Cattle set back despite higher cash news with Canada putting import restrictions on lactating cattle for H5N1.
The market is also reacting to pictures released of the Texas dairy farm worker infected with bird flow after being infected from a cow. The pictures show he suffered bleeding in his eyeballs. It is thought to be the first known case of mammal-to-human transmission and comes as the Centers for Disease Control and Prevention (CDC) warned bird flu (H5N1) viruses “pose pandemic potential.”
The market is also awaiting test results from FSIS on muscle cuts from dairy cattle condemned due to bird flu.
However, Brad Kooima, Kooima Kooima Varilek, says cash trade was strong last week at $184 in the South, up $2 live with Northern dressed based cattle volume at $295 up $1, but there were live sale trades up to $187.
He says supplies are extremely tight and so cash could be higher again this week and futures are at a discount which is supportive.
The discount of the futures to the cash is also a disincentive for feedlots to feed longer and so he’s hopeful that will start to be reflected in the weights.
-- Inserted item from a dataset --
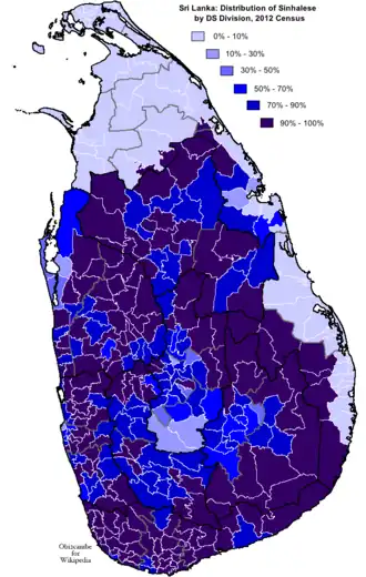 O cingalês também tem minorias (cerca de 2 milhões de falantes) espalhadas por outros países, em especial em países próximos e no Oriente Médio.[12]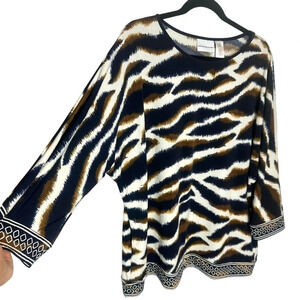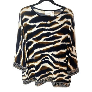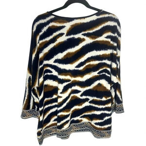 Alfred Dunner XL black brown white animal print dolman sleeve top

Kooima says the market is moving into the strongest demand period for beef and demand seems strong with exports at a marketing year high last week and packers still chasing to get cattle.
Lean hogs set back with cattle and the futures premium to the cash index. The market is testing support and Kooima says it needs to hold or the futures could see a bigger correction.
Grains open mixed and quickly push higher on weather and fund short covering.
Technically, July corn, July soybean meal and even July soybeans are now above the 100-day moving average and that is attracting more technical buying with the funds still covering shorts in corn and beans.
Kooima says the market is concerned about South American weather and production issues, but as well planting delays in the U.S.
He cautions that weather rallies on planting delays can be fleeting and so he is not sure how much higher the market can go.